I know when i first read those questions and started doing these types of exercises they felt very superficial. "What! this isn't who i am, this isn't myself! That's not what i'm talking about! That's not the "deep" who i am/self i'm talking about!" But honestly the more I sat and thought about these things, the more I started feeling like myself and knowing myself. I've been so outward looking and on guard and dissociated my entire life that it's almost I hadn't realized and acknowledged that over my life I had indeed developed a self, a one unique to me despite my very early trauma. There is a stable perspective there. And it feels good to acknowledge that and feel who I am now. It's almost like my self was covered up in dirt when i was a baby and I was never able or encouraged to focus on me and begin to develop it. But now i get to. Now i get to see what's there and what i'd like to be there.

Anyway this may not be exactly what you're talking about, but hope it helps in some way.
 
One thing I do sometimes in my daily life, how do i feel about that? Do i like that? If not why? If i do what do i find appealing about that? Do i find them attractive? Why, why not? Did i enjoy that activity? why, why not? etc. Actually beginning to build my perspective and self rather than being off in space like i often feel i am. It encourages me to be present.

I watch youtube's and other families with children and i notice the adults are so engaged with the especially the young children. Asking questions. Did you like that? Did that hurt? It's going to be ok. What do you want to eat? etc. Talking to them, engaging. I never had that. No one ever focused on me, acknowledged me, validated me or anything. I never knew there was a me. I mostly wanted to be invisible. But i now see there was. There was a me in there even when i was a neglected baby who was sad and angry and in distress. When i was witnessing so much violence there was a me who was horrified and overwhelmed and powerless. When i was sexually abused there was a me who was terrified and frozen. And that same self now values justice and fairness and kindness and gentleness. Is strong, a fighter and resilient.

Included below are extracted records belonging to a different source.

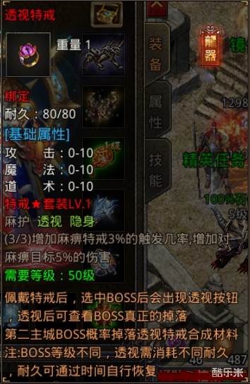 透视特戒:能让你提前知道这个怪物会爆出什么装备,打高级怪的时候可以先透视一下在决定打不打。透视是有次数限制的,根据怪物的等级来扣耐久,耐久一小时后自动回复。透视戒指加的是攻击力,也就是战力。
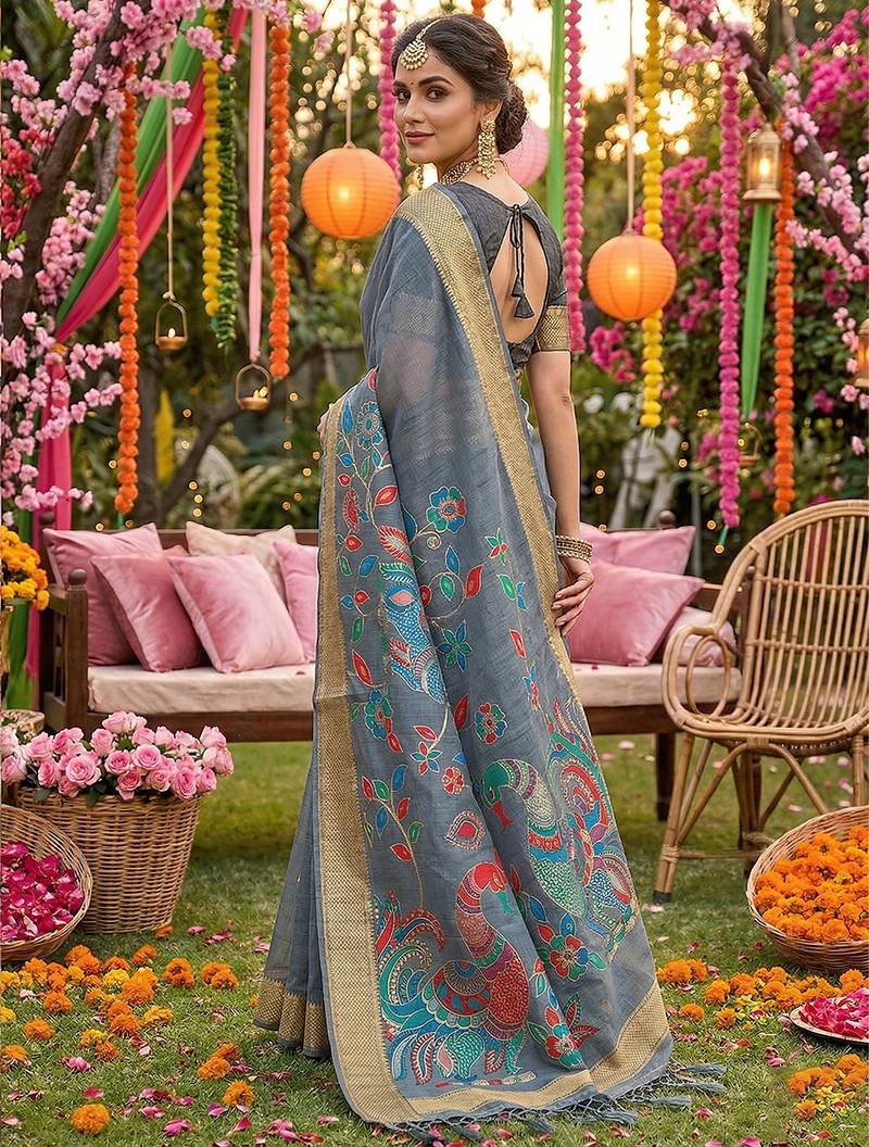 | • | Saree | : | Color- Grey / Fabric- Linen |
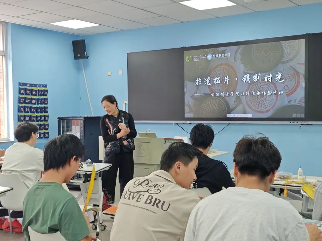 为近距离感受中华优秀传统文化魅力、增强文化自信、体悟工匠精神,2025年9月25日,智能制造学院“精工文化大讲堂”特邀非遗传承人,开展“匠心传承,拓印千年”拓片技艺实践课。20名同学在指导下亲手体验古老技艺,深刻领略中华传统文化的深厚底蕴。
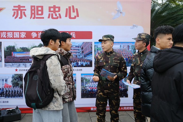 为鼓励在校大学生积极参与应征入伍,增强部队现代化建设,为国家繁荣复兴奠定坚实基础,2021年12月17日上午,重庆电子工程职业学院人民武装部在学子广场举行了以“参军报国,无上光荣”为主题的征兵宣传活动。
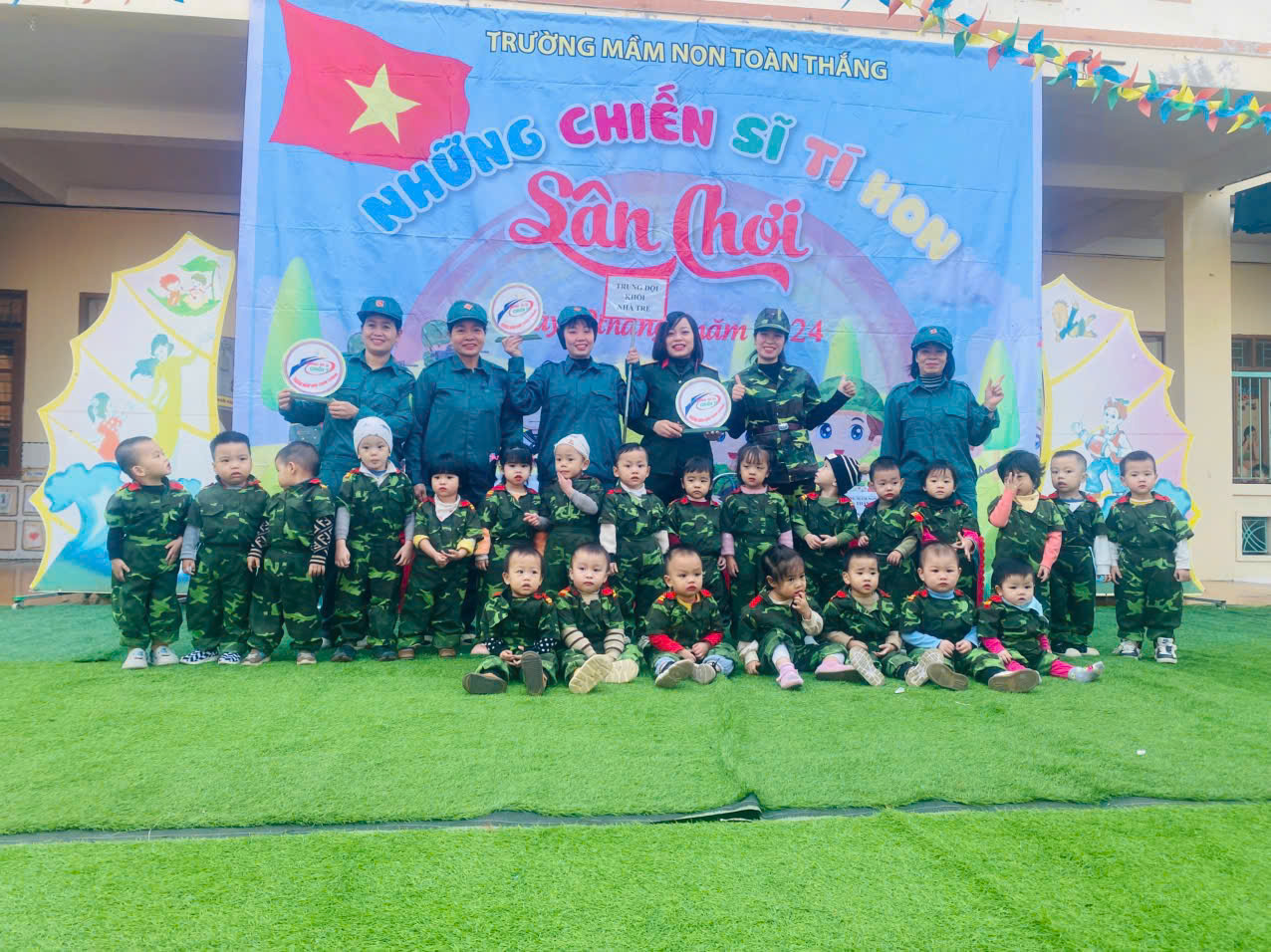 Ngày 20/12/2024, trường mầm non Toàn Thắng đã tổ chức Ngày hội “Chiến sĩ tí hon” vô cùng ý nghĩa và vui nhộn. Ngày hội là cơ hội để các bé hiểu thêm về ý nghĩa của ngày 22/12, lòng biết ơn đối với các chú bộ đội đã bảo vệ Tổ quốc. Đồng thời, hoạt động còn giúp rèn luyện tinh thần đoàn kết, kỷ luật, sự tự tin và năng động cho các chiến sĩ nhí của chúng ta.

My point is even when i was dissociated and no one was mirroring me and letting me get to know myself, I was still there experiencing and having feelings. Feelings so overwhelming i needed to step back from them via dissociation but i was there. There was a self. In those moments i probably wished there wasn't, but i guess that kinda that trauma processing work. I can look back at my trauma and sense how i was feeling then except now i can handle the feelings vs back then when i had to "go away" to protect myself.

Bleh I'll stop talking now lol.
 
Thanks for the post Disco Dancing Queen
Reading your post and reply's. Has made me wonder more about CSA at a young age less than 5 not sure how much before then. It really seems to me that the CSA made my self and took most of my childhood learning askew. I did not realize that what was happening was abuse until I was 11 or 12. I was groomed to think I was special and was treated that way by my early perpetuators. I need more time to think on this one. Thanks again.
Peace Be Safe
 
@Esterio ,

Thinking about how the CSA affected us and our growth is painful and difficult but, must be done if we are to have a more complete and accurate view of ourselves. I personally recommend examining these beliefs in therapy with a trauma specialist, if possible.

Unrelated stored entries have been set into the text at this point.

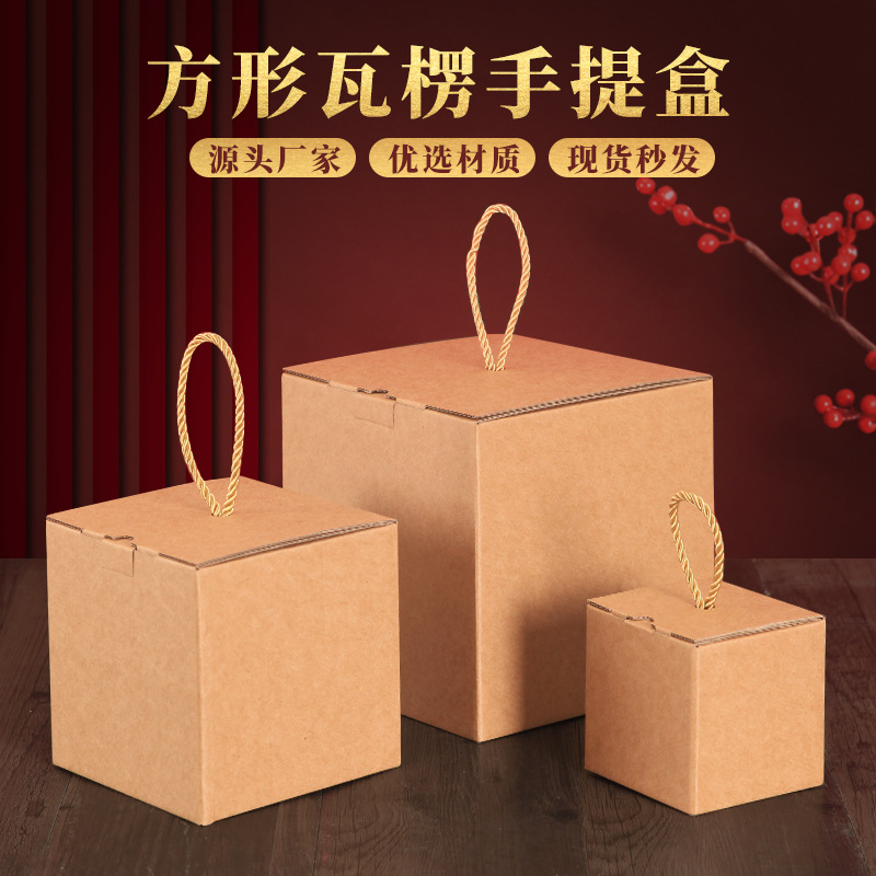Square Kraft Corrugated Paper Packaging Box Tea Gift Box Outer Packaging Box Satchel Kraft Paper Gift Box Empty Box
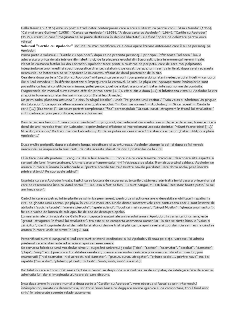 Lumea animalelor înfatisata de Gellu Naum capata trasaturi ale universului uman. Apolodor, în varianta lui umana, este
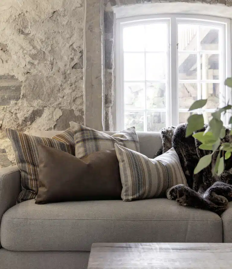 Kuddfodral i ull med vävt randigt mönster från Artwood. Mjukt och bekvämt med enfärgad baksida i tyget Simply Camel. Dold dragkedja i nederkant. Innerkudde ingår ej.

CSA warps our sense of self at whatever age it occurs. Once thoroughly examined, we learn better of ourselves than the lies we were taught or the blanks that we filled in with our distorted thoughts / beliefs.

I wish you joy and happiness as you discover that the negative things you believe(d) about yourself are not true, although there will probably be anger and righteous rage first. It is a difficult process but I did it and I am so much better for it.

From one CSA survivor to another....I wish you all the very best as you change and grow.